Items from a data source:
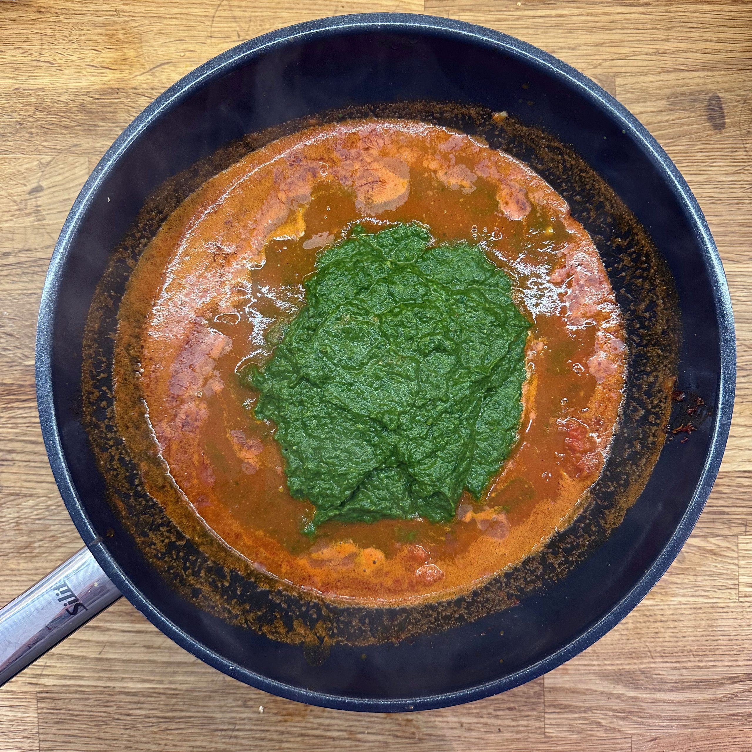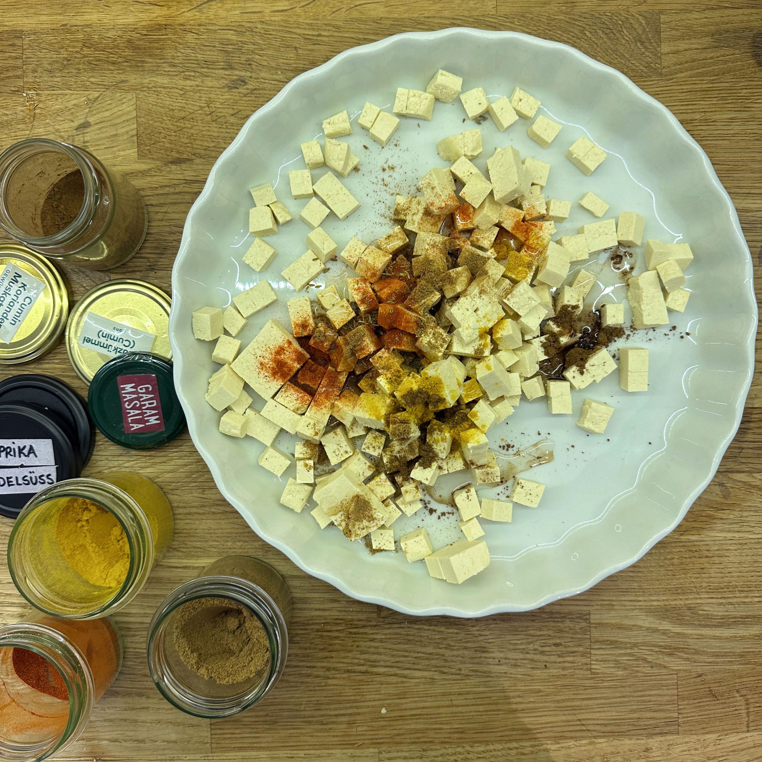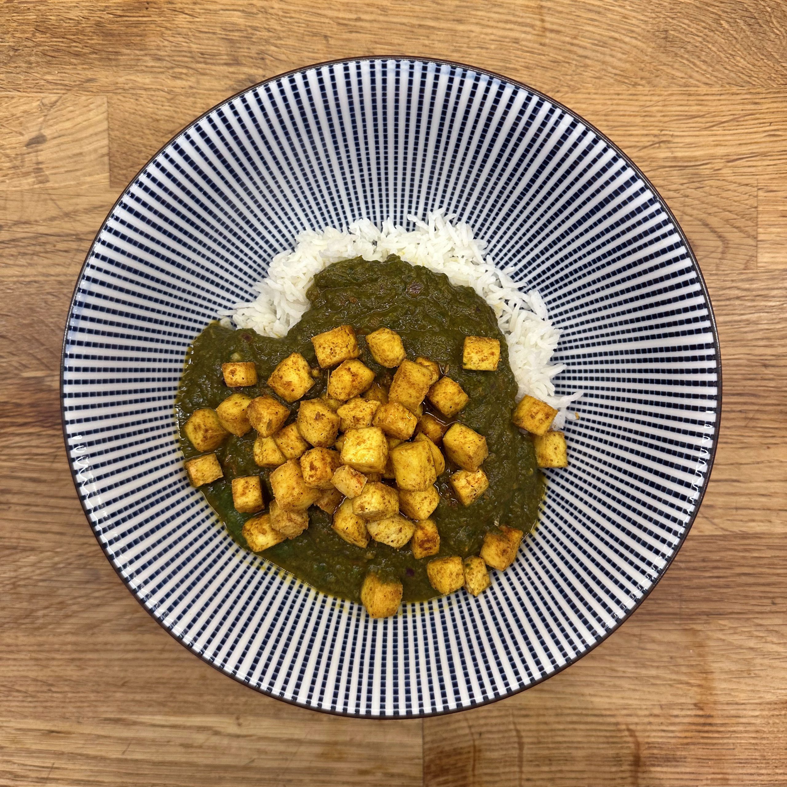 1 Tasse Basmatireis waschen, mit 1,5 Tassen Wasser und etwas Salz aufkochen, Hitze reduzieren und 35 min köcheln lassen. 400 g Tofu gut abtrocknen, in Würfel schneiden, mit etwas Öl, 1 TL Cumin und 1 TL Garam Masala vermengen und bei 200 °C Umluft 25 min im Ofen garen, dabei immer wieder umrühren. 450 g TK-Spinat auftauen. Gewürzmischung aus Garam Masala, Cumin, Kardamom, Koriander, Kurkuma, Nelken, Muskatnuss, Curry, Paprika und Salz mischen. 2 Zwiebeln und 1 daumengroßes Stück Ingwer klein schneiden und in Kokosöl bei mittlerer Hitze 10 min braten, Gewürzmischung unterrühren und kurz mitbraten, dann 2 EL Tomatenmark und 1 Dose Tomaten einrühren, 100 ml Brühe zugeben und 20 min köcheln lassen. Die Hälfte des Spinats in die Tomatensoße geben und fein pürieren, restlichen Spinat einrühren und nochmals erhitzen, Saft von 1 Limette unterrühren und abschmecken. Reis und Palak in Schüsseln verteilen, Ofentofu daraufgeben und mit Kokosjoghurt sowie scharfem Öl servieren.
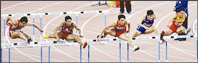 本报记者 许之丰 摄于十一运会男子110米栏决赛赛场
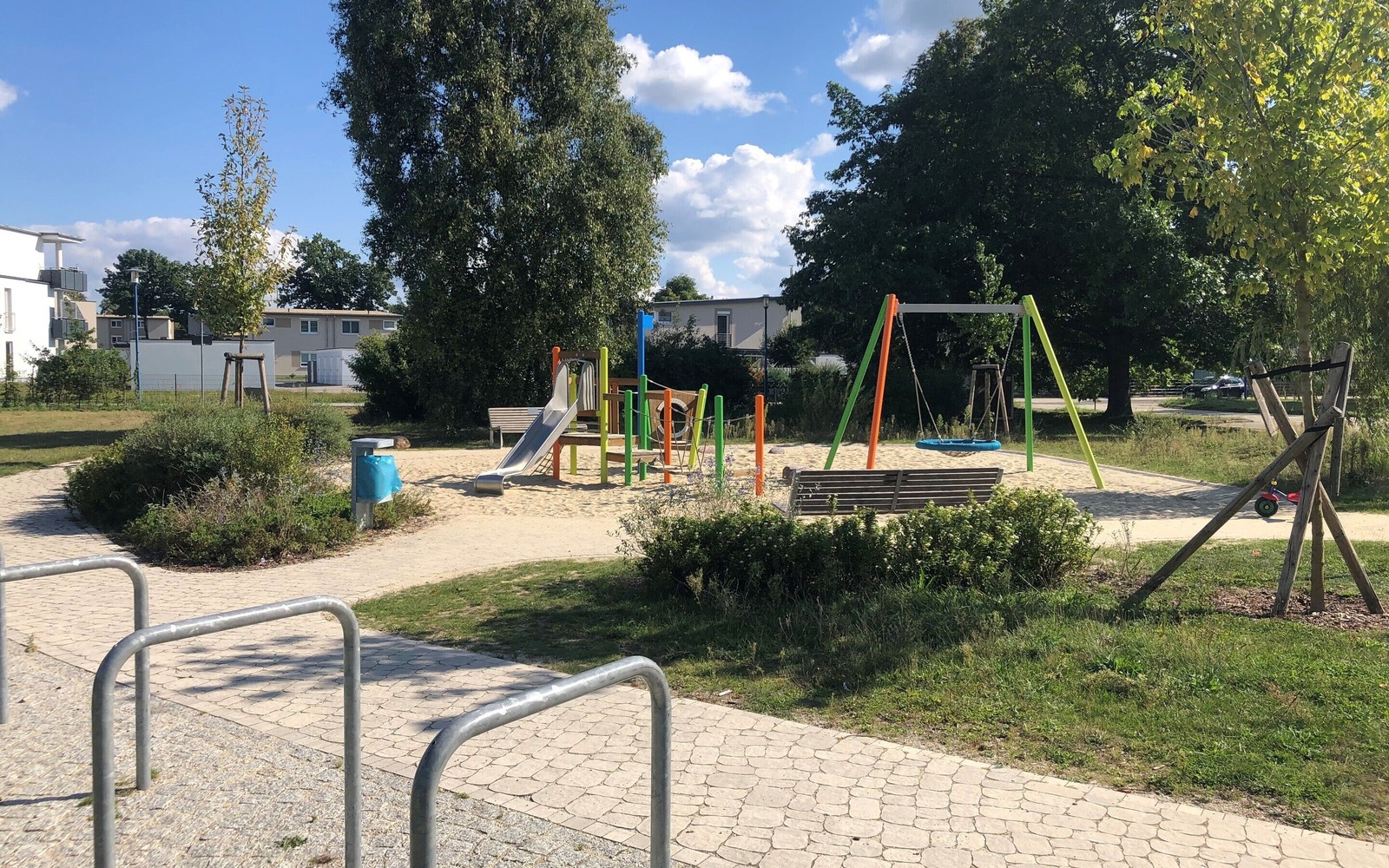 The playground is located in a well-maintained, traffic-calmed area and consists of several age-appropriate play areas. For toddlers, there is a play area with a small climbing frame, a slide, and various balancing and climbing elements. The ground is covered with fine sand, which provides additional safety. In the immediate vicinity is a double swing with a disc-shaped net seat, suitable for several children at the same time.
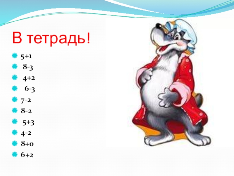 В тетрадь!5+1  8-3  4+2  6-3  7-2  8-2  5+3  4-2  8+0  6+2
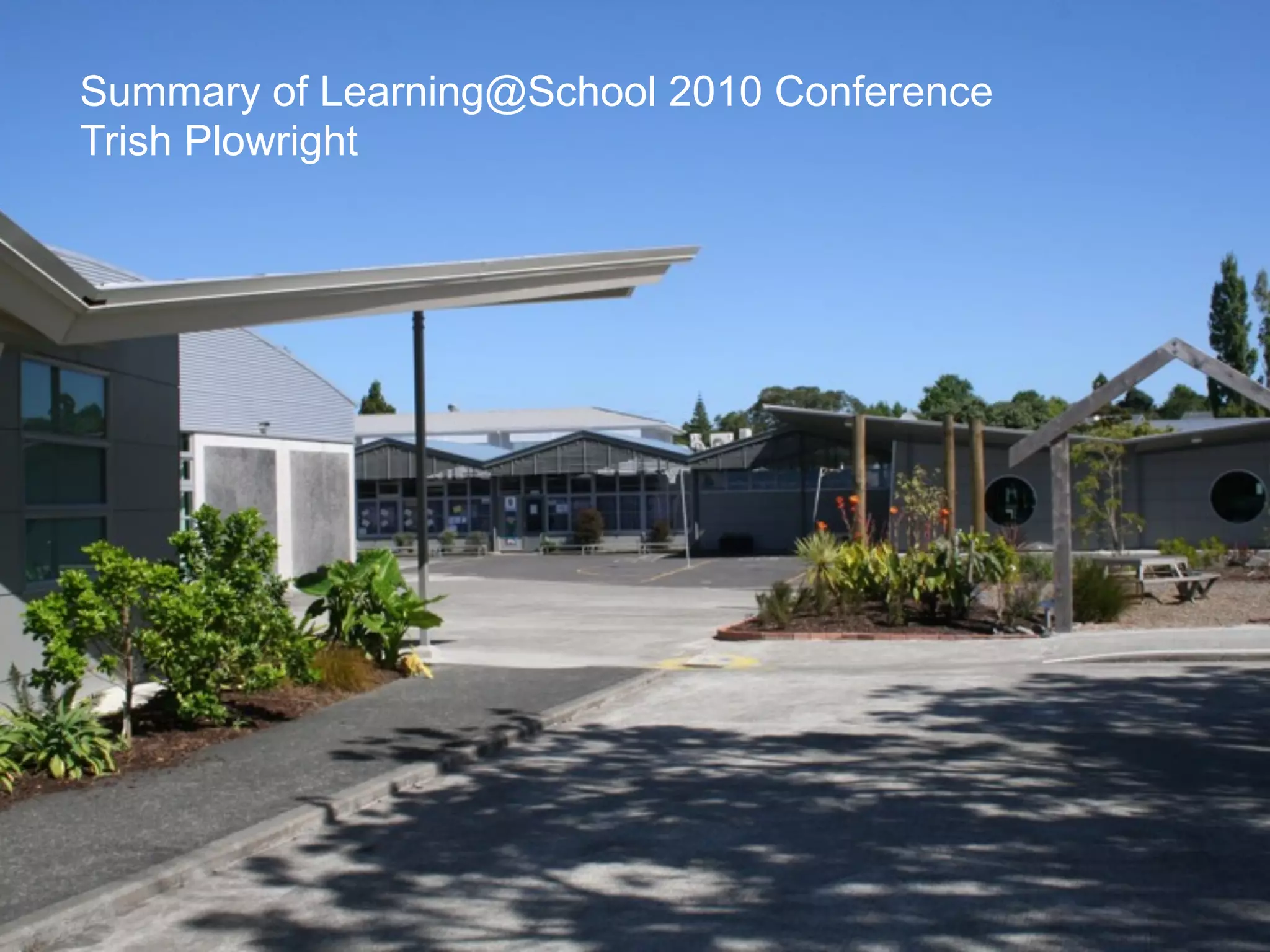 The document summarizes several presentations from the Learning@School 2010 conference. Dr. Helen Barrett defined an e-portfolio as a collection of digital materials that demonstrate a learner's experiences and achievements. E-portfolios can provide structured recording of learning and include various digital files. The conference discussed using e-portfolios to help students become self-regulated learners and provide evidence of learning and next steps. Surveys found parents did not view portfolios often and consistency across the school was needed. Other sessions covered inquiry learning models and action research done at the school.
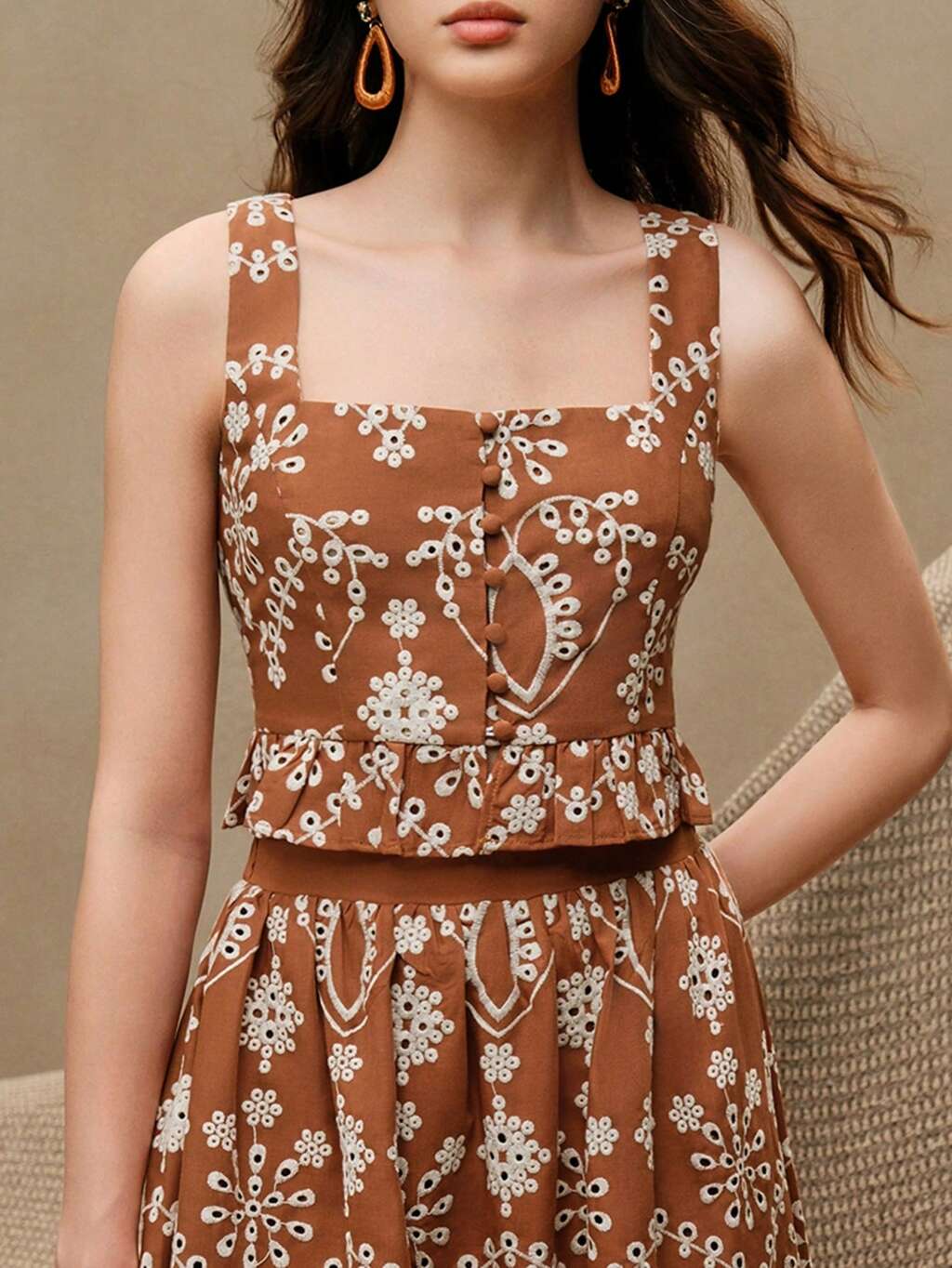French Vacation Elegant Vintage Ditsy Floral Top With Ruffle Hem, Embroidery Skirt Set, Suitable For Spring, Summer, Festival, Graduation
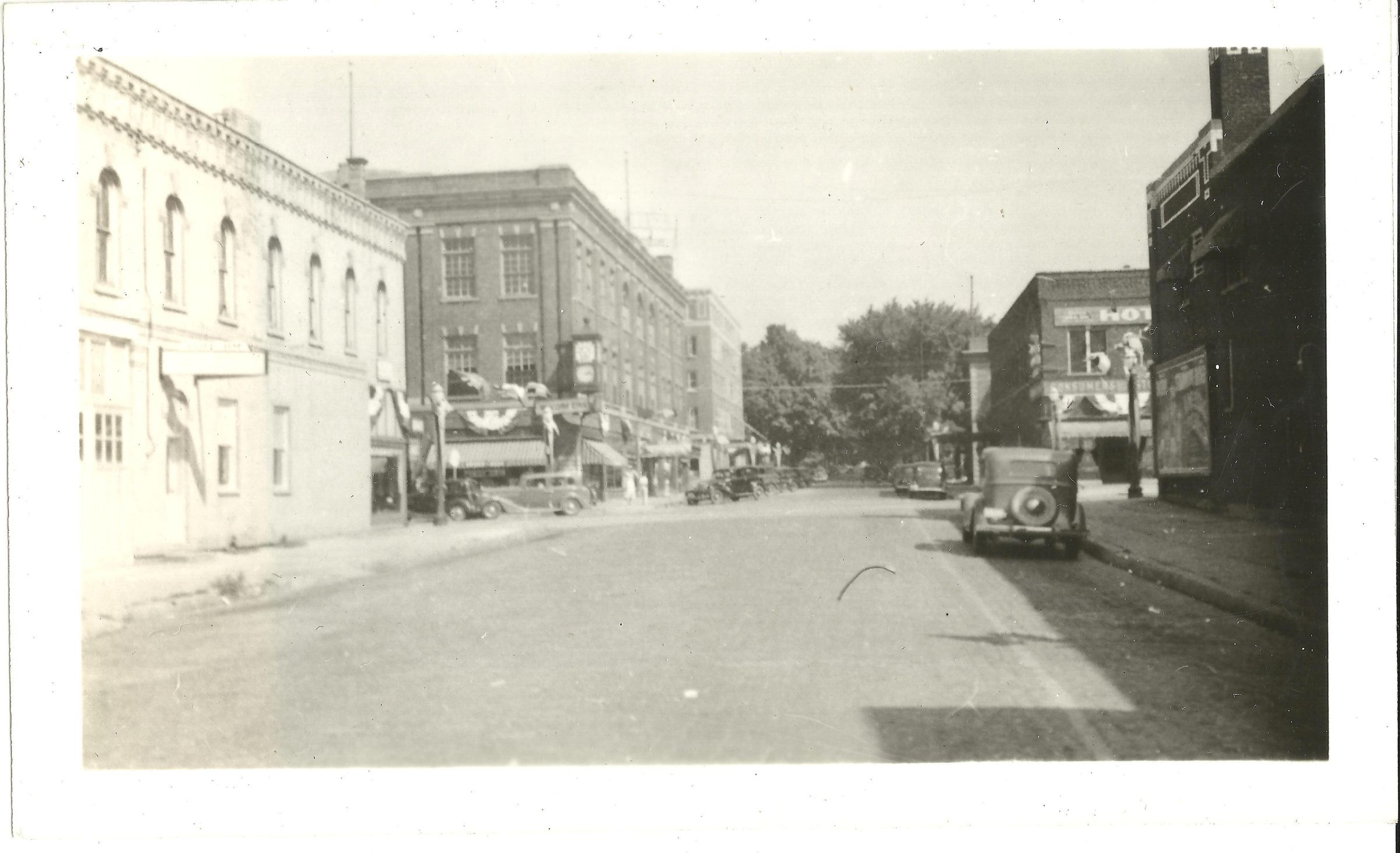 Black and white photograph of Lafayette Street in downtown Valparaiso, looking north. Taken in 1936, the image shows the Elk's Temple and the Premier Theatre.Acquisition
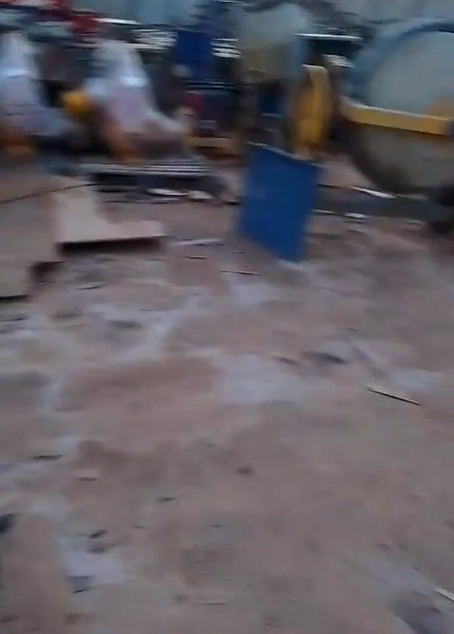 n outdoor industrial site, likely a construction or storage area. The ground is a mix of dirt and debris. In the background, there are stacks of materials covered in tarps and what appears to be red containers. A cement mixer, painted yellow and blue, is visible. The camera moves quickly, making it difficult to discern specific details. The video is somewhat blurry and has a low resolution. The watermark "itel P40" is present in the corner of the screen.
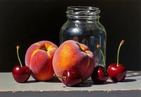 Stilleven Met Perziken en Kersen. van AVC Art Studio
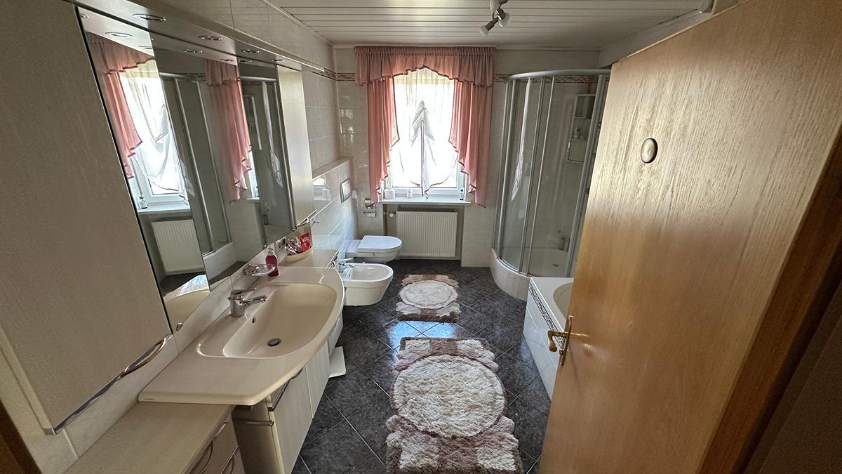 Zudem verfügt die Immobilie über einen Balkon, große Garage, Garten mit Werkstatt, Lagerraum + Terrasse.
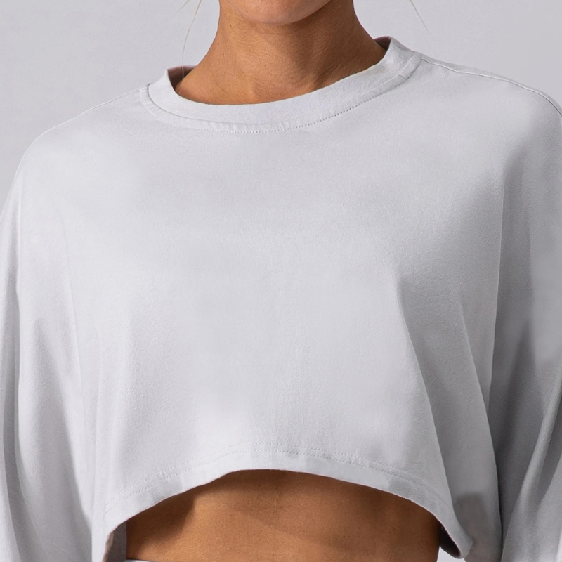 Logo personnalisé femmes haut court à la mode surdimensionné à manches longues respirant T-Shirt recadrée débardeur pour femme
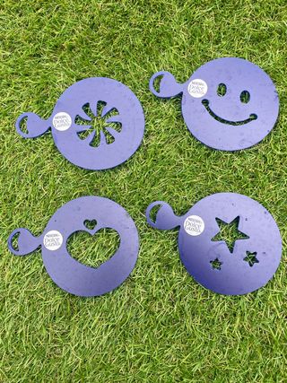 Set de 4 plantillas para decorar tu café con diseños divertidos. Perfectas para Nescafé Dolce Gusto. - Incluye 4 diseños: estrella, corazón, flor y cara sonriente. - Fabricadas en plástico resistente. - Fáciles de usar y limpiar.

Problem requirements ::
Please reproduce the records above exactly, omitting every picture.

Exercise result ::
 1 Tasse Basmatireis waschen, mit 1,5 Tassen Wasser und etwas Salz aufkochen, Hitze reduzieren und 35 min köcheln lassen. 400 g Tofu gut abtrocknen, in Würfel schneiden, mit etwas Öl, 1 TL Cumin und 1 TL Garam Masala vermengen und bei 200 °C Umluft 25 min im Ofen garen, dabei immer wieder umrühren. 450 g TK-Spinat auftauen. Gewürzmischung aus Garam Masala, Cumin, Kardamom, Koriander, Kurkuma, Nelken, Muskatnuss, Curry, Paprika und Salz mischen. 2 Zwiebeln und 1 daumengroßes Stück Ingwer klein schneiden und in Kokosöl bei mittlerer Hitze 10 min braten, Gewürzmischung unterrühren und kurz mitbraten, dann 2 EL Tomatenmark und 1 Dose Tomaten einrühren, 100 ml Brühe zugeben und 20 min köcheln lassen. Die Hälfte des Spinats in die Tomatensoße geben und fein pürieren, restlichen Spinat einrühren und nochmals erhitzen, Saft von 1 Limette unterrühren und abschmecken. Reis und Palak in Schüsseln verteilen, Ofentofu daraufgeben und mit Kokosjoghurt sowie scharfem Öl servieren.
 本报记者 许之丰 摄于十一运会男子110米栏决赛赛场
 The playground is located in a well-maintained, traffic-calmed area and consists of several age-appropriate play areas. For toddlers, there is a play area with a small climbing frame, a slide, and various balancing and climbing elements. The ground is covered with fine sand, which provides additional safety. In the immediate vicinity is a double swing with a disc-shaped net seat, suitable for several children at the same time.
 В тетрадь!5+1  8-3  4+2  6-3  7-2  8-2  5+3  4-2  8+0  6+2
 The document summarizes several presentations from the Learning@School 2010 conference. Dr. Helen Barrett defined an e-portfolio as a collection of digital materials that demonstrate a learner's experiences and achievements. E-portfolios can provide structured recording of learning and include various digital files. The conference discussed using e-portfolios to help students become self-regulated learners and provide evidence of learning and next steps. Surveys found parents did not view portfolios often and consistency across the school was needed. Other sessions covered inquiry learning models and action research done at the school.
French Vacation Elegant Vintage Ditsy Floral Top With Ruffle Hem, Embroidery Skirt Set, Suitable For Spring, Summer, Festival, Graduation
 Black and white photograph of Lafayette Street in downtown Valparaiso, looking north. Taken in 1936, the image shows the Elk's Temple and the Premier Theatre.Acquisition
 n outdoor industrial site, likely a construction or storage area. The ground is a mix of dirt and debris. In the background, there are stacks of materials covered in tarps and what appears to be red containers. A cement mixer, painted yellow and blue, is visible. The camera moves quickly, making it difficult to discern specific details. The video is somewhat blurry and has a low resolution. The watermark "itel P40" is present in the corner of the screen.
 Stilleven Met Perziken en Kersen. van AVC Art Studio
 Zudem verfügt die Immobilie über einen Balkon, große Garage, Garten mit Werkstatt, Lagerraum + Terrasse.
 Logo personnalisé femmes haut court à la mode surdimensionné à manches longues respirant T-Shirt recadrée débardeur pour femme
 Set de 4 plantillas para decorar tu café con diseños divertidos. Perfectas para Nescafé Dolce Gusto. - Incluye 4 diseños: estrella, corazón, flor y cara sonriente. - Fabricadas en plástico resistente. - Fáciles de usar y limpiar.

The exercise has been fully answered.